■ WORK REQUIRED ■
The records below need to be repeated exactly, though not their pictures.

(Beginning of RECORD EXCERPTS)

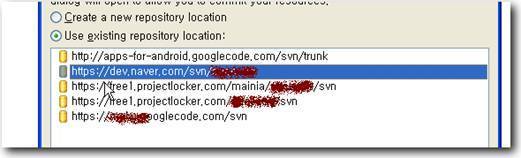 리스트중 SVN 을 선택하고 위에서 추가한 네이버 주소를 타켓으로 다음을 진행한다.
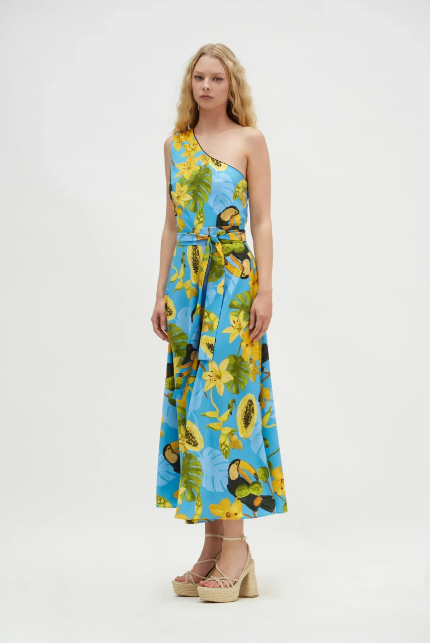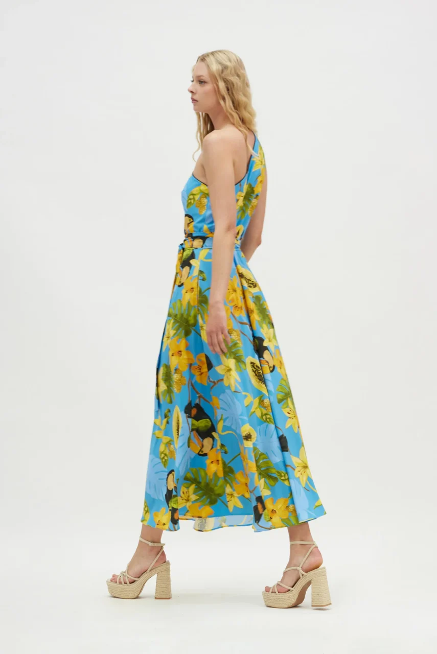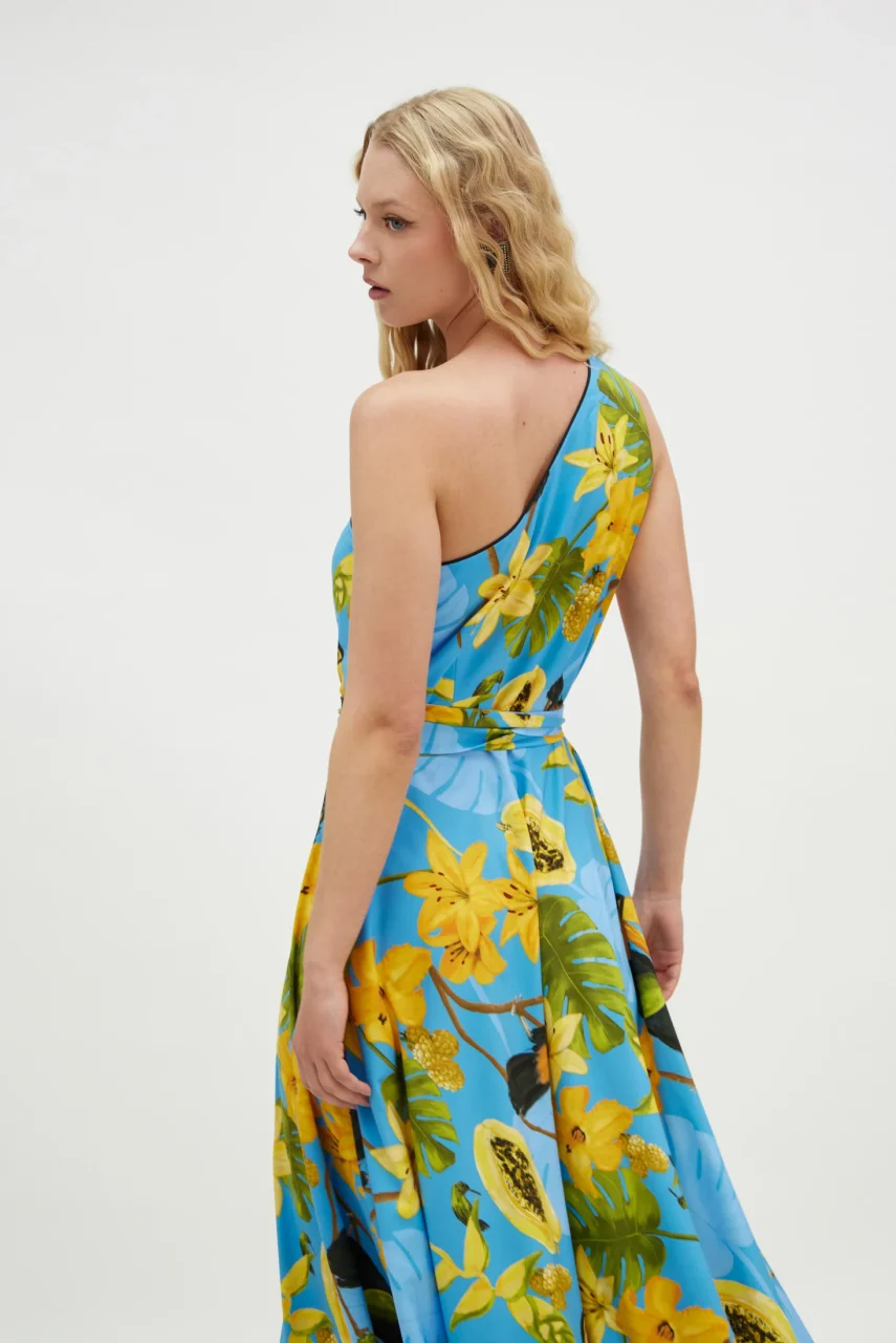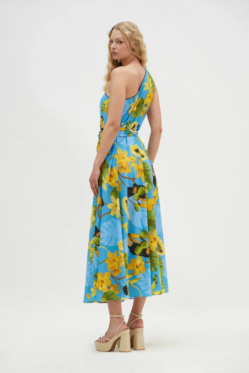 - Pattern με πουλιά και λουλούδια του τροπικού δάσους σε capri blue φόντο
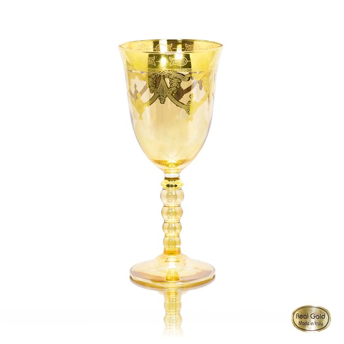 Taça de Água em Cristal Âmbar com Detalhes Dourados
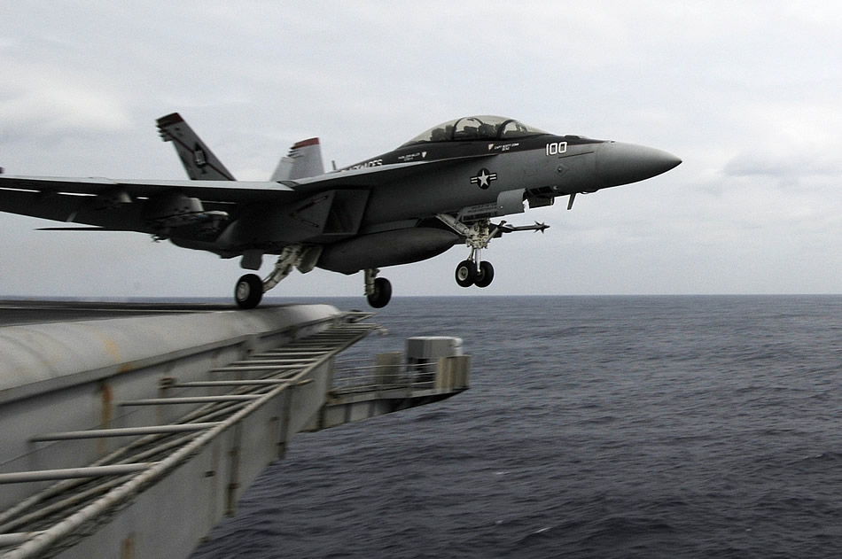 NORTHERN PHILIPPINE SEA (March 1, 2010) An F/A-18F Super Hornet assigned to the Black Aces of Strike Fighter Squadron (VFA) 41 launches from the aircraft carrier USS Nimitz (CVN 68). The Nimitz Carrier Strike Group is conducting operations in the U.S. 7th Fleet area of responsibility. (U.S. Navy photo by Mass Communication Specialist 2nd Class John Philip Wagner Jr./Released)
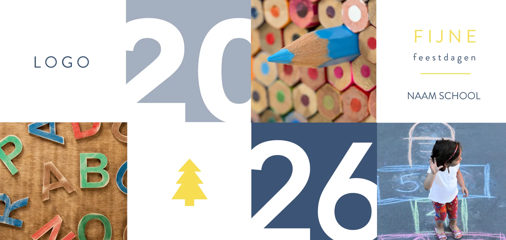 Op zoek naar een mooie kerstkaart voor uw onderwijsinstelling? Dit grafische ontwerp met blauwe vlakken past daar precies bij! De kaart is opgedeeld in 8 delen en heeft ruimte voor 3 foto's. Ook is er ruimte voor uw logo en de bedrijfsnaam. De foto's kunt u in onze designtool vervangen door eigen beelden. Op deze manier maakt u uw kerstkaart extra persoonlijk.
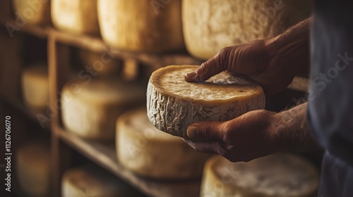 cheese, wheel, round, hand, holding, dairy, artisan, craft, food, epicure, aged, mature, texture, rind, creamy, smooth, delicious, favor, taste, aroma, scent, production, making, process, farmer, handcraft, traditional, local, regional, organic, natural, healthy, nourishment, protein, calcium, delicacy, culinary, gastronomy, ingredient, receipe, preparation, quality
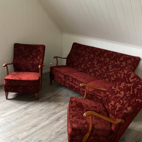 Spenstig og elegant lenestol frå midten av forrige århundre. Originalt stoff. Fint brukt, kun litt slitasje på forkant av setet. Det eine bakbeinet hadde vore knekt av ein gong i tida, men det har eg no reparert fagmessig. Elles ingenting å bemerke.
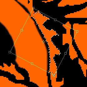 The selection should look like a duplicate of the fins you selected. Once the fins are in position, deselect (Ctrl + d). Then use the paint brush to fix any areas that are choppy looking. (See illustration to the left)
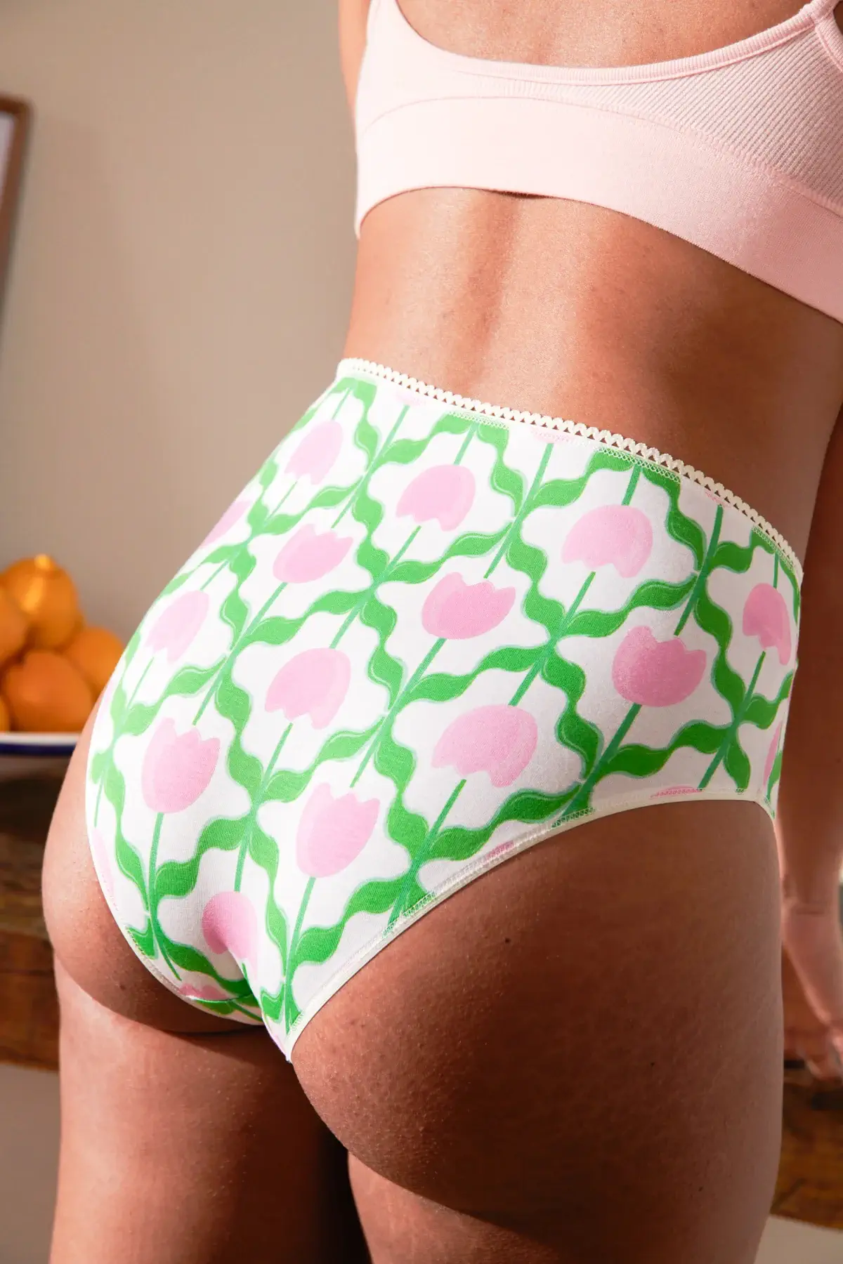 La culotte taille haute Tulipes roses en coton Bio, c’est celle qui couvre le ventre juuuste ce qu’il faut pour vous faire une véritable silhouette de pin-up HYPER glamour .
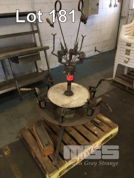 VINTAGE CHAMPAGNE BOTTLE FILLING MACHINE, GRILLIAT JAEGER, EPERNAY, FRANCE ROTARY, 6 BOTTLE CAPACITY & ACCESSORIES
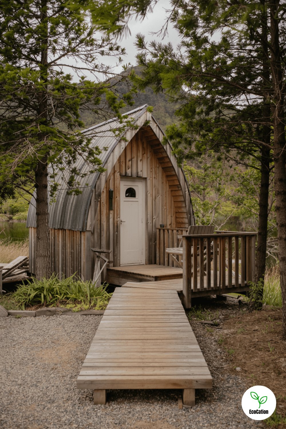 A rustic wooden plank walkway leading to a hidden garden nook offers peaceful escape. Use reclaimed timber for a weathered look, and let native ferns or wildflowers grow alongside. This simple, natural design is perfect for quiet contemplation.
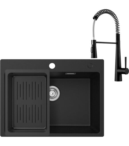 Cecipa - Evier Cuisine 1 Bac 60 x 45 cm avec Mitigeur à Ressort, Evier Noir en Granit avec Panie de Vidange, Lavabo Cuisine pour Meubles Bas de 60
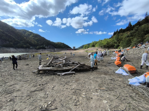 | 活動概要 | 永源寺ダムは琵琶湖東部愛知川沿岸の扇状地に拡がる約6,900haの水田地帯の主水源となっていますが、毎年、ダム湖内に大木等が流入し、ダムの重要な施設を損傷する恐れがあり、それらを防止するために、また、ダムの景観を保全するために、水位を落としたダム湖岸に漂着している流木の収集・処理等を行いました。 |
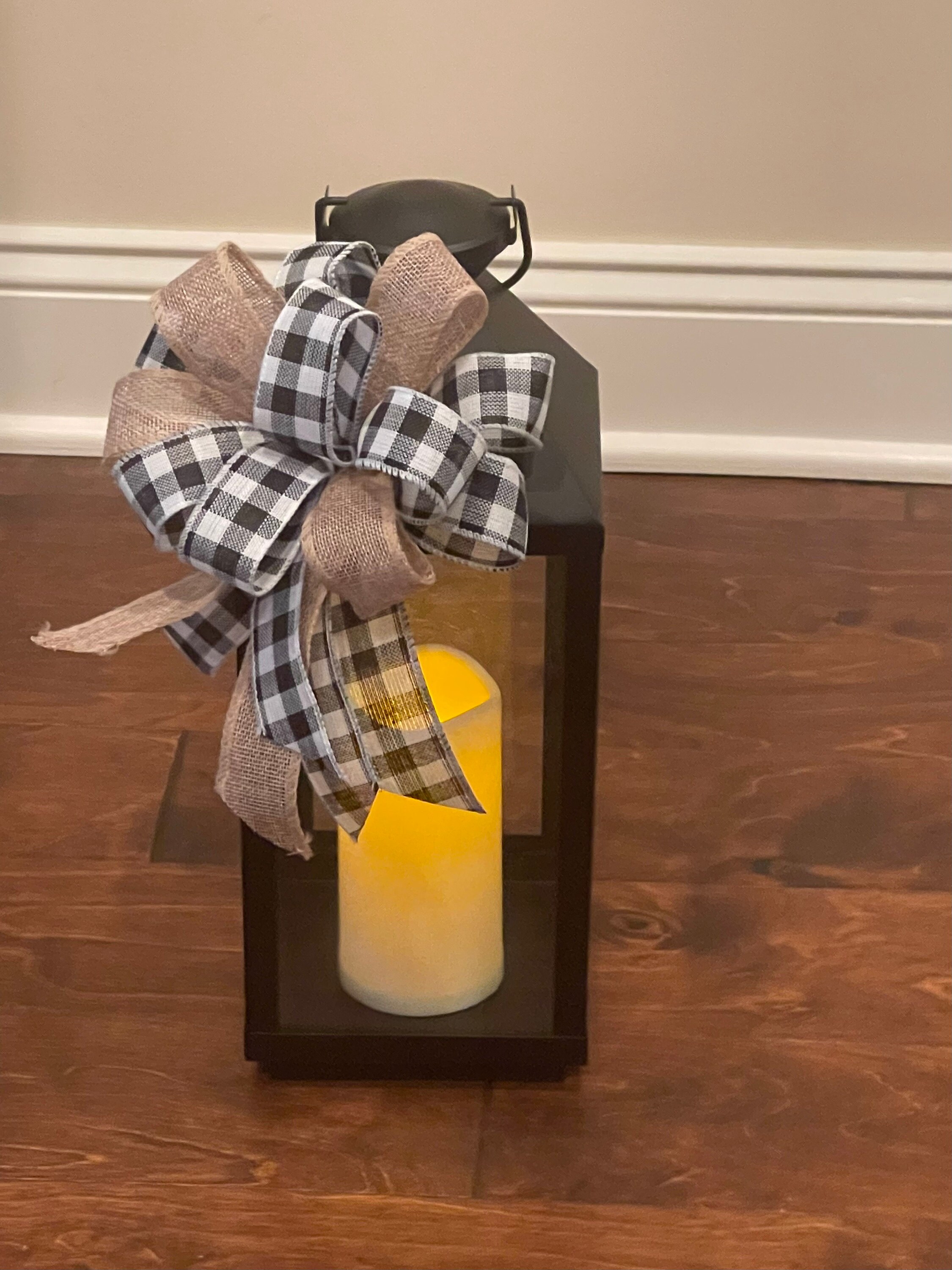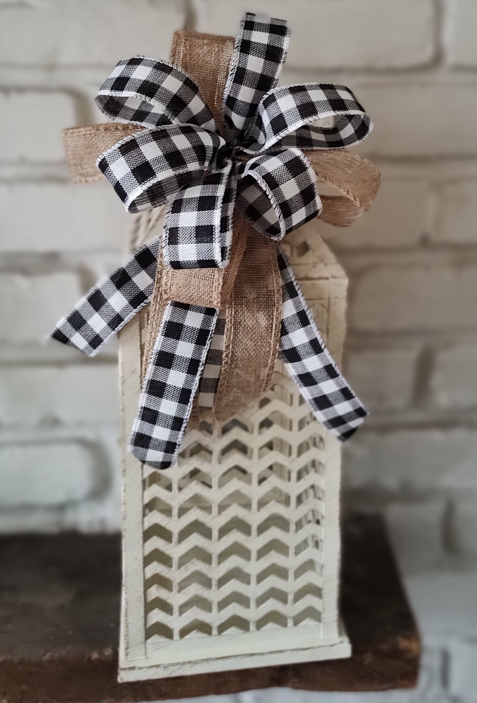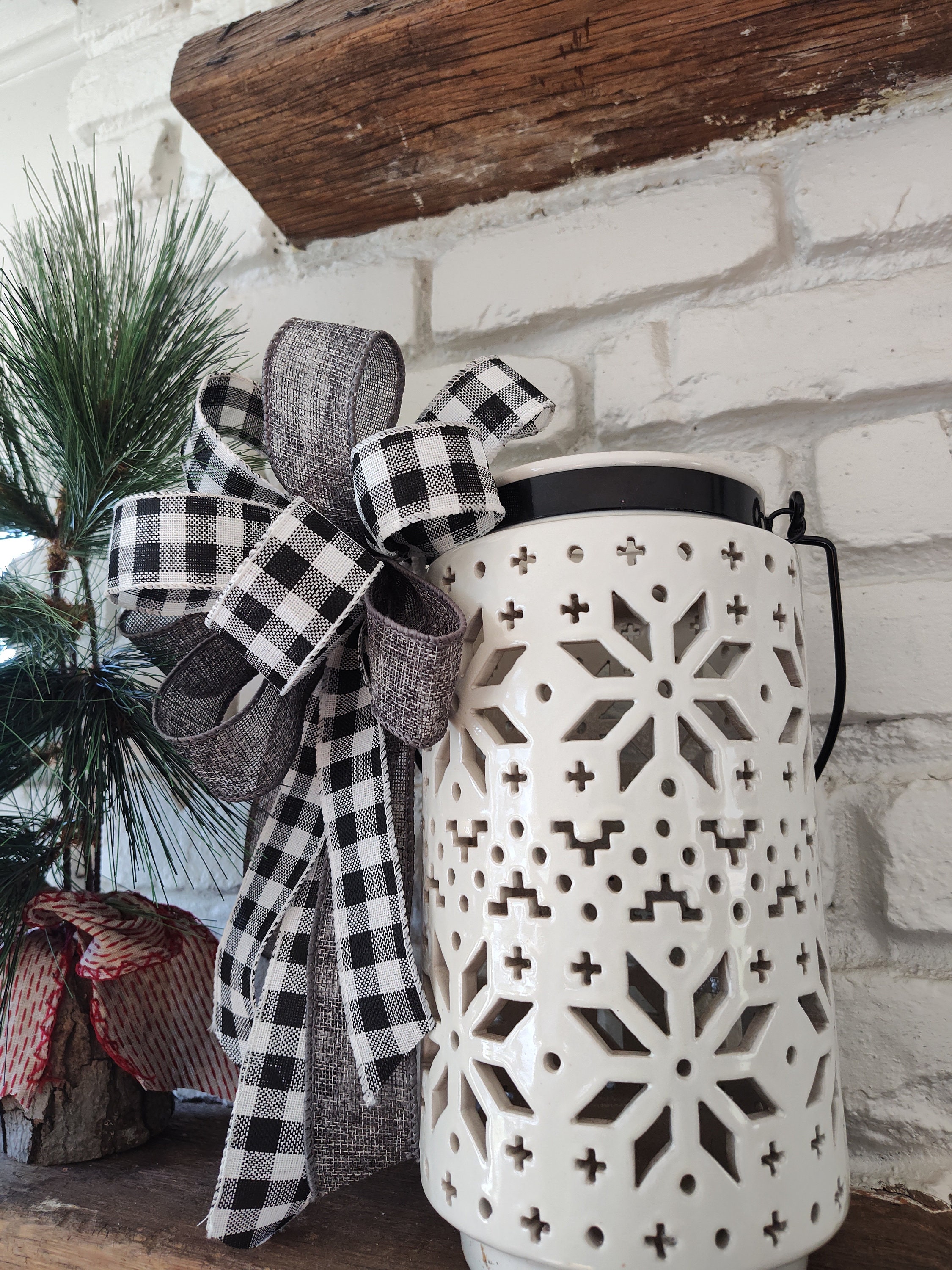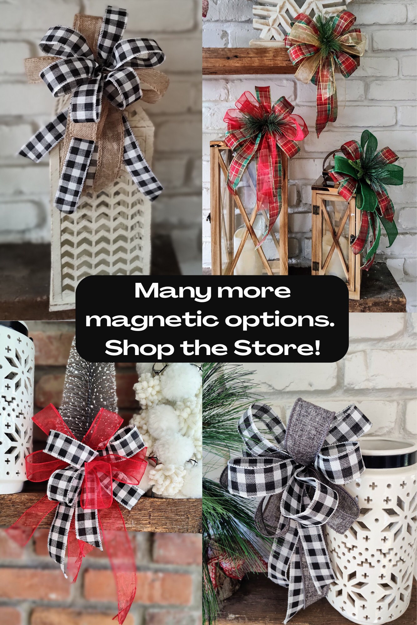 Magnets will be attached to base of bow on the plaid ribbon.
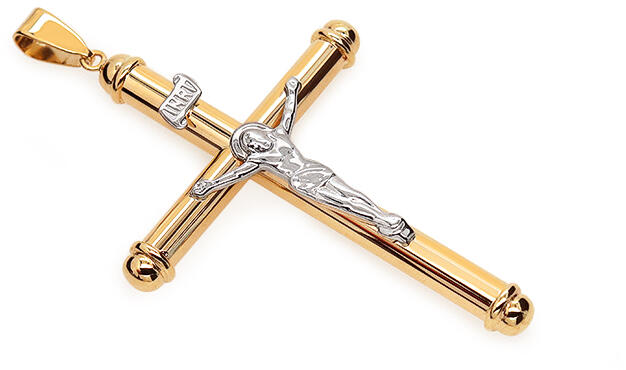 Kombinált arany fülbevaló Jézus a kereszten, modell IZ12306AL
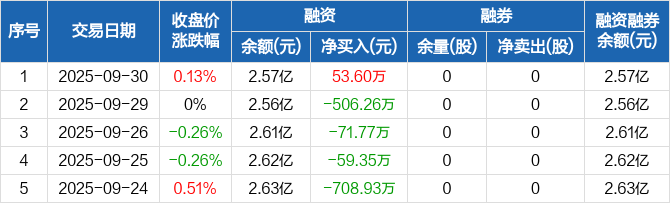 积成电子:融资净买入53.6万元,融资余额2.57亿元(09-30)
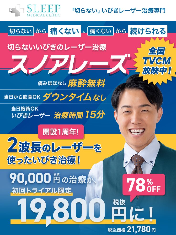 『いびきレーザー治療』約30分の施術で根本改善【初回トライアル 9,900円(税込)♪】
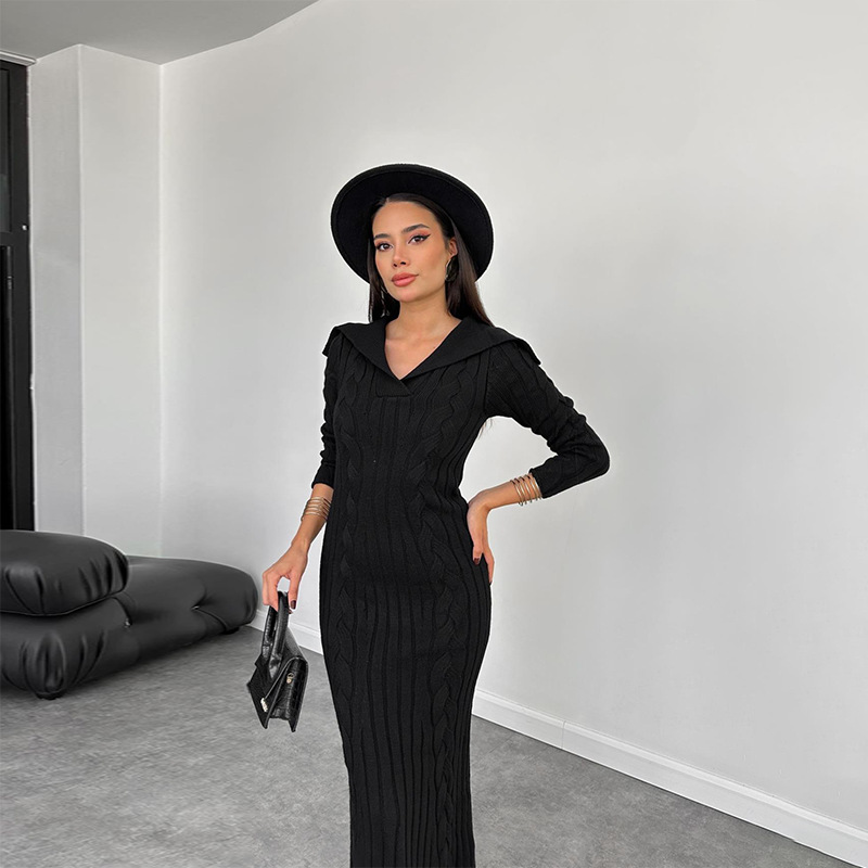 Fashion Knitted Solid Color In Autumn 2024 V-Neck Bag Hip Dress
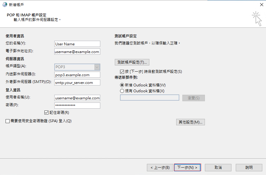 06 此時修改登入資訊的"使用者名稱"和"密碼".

(End of RECORD EXCERPTS)

■ OUTPUT OF THE EXERCISE ■
 리스트중 SVN 을 선택하고 위에서 추가한 네이버 주소를 타켓으로 다음을 진행한다.
 - Pattern με πουλιά και λουλούδια του τροπικού δάσους σε capri blue φόντο
 Taça de Água em Cristal Âmbar com Detalhes Dourados
 NORTHERN PHILIPPINE SEA (March 1, 2010) An F/A-18F Super Hornet assigned to the Black Aces of Strike Fighter Squadron (VFA) 41 launches from the aircraft carrier USS Nimitz (CVN 68). The Nimitz Carrier Strike Group is conducting operations in the U.S. 7th Fleet area of responsibility. (U.S. Navy photo by Mass Communication Specialist 2nd Class John Philip Wagner Jr./Released)
 Op zoek naar een mooie kerstkaart voor uw onderwijsinstelling? Dit grafische ontwerp met blauwe vlakken past daar precies bij! De kaart is opgedeeld in 8 delen en heeft ruimte voor 3 foto's. Ook is er ruimte voor uw logo en de bedrijfsnaam. De foto's kunt u in onze designtool vervangen door eigen beelden. Op deze manier maakt u uw kerstkaart extra persoonlijk.
 cheese, wheel, round, hand, holding, dairy, artisan, craft, food, epicure, aged, mature, texture, rind, creamy, smooth, delicious, favor, taste, aroma, scent, production, making, process, farmer, handcraft, traditional, local, regional, organic, natural, healthy, nourishment, protein, calcium, delicacy, culinary, gastronomy, ingredient, receipe, preparation, quality
 Spenstig og elegant lenestol frå midten av forrige århundre. Originalt stoff. Fint brukt, kun litt slitasje på forkant av setet. Det eine bakbeinet hadde vore knekt av ein gong i tida, men det har eg no reparert fagmessig. Elles ingenting å bemerke.
 The selection should look like a duplicate of the fins you selected. Once the fins are in position, deselect (Ctrl + d). Then use the paint brush to fix any areas that are choppy looking. (See illustration to the left)
 La culotte taille haute Tulipes roses en coton Bio, c’est celle qui couvre le ventre juuuste ce qu’il faut pour vous faire une véritable silhouette de pin-up HYPER glamour .
 VINTAGE CHAMPAGNE BOTTLE FILLING MACHINE, GRILLIAT JAEGER, EPERNAY, FRANCE ROTARY, 6 BOTTLE CAPACITY & ACCESSORIES
 A rustic wooden plank walkway leading to a hidden garden nook offers peaceful escape. Use reclaimed timber for a weathered look, and let native ferns or wildflowers grow alongside. This simple, natural design is perfect for quiet contemplation.
 Cecipa - Evier Cuisine 1 Bac 60 x 45 cm avec Mitigeur à Ressort, Evier Noir en Granit avec Panie de Vidange, Lavabo Cuisine pour Meubles Bas de 60
 | 活動概要 | 永源寺ダムは琵琶湖東部愛知川沿岸の扇状地に拡がる約6,900haの水田地帯の主水源となっていますが、毎年、ダム湖内に大木等が流入し、ダムの重要な施設を損傷する恐れがあり、それらを防止するために、また、ダムの景観を保全するために、水位を落としたダム湖岸に漂着している流木の収集・処理等を行いました。 |
 Magnets will be attached to base of bow on the plaid ribbon.
 Kombinált arany fülbevaló Jézus a kereszten, modell IZ12306AL
 积成电子:融资净买入53.6万元,融资余额2.57亿元(09-30)
 『いびきレーザー治療』約30分の施術で根本改善【初回トライアル 9,900円(税込)♪】
 Fashion Knitted Solid Color In Autumn 2024 V-Neck Bag Hip Dress
 06 此時修改登入資訊的"使用者名稱"和"密碼".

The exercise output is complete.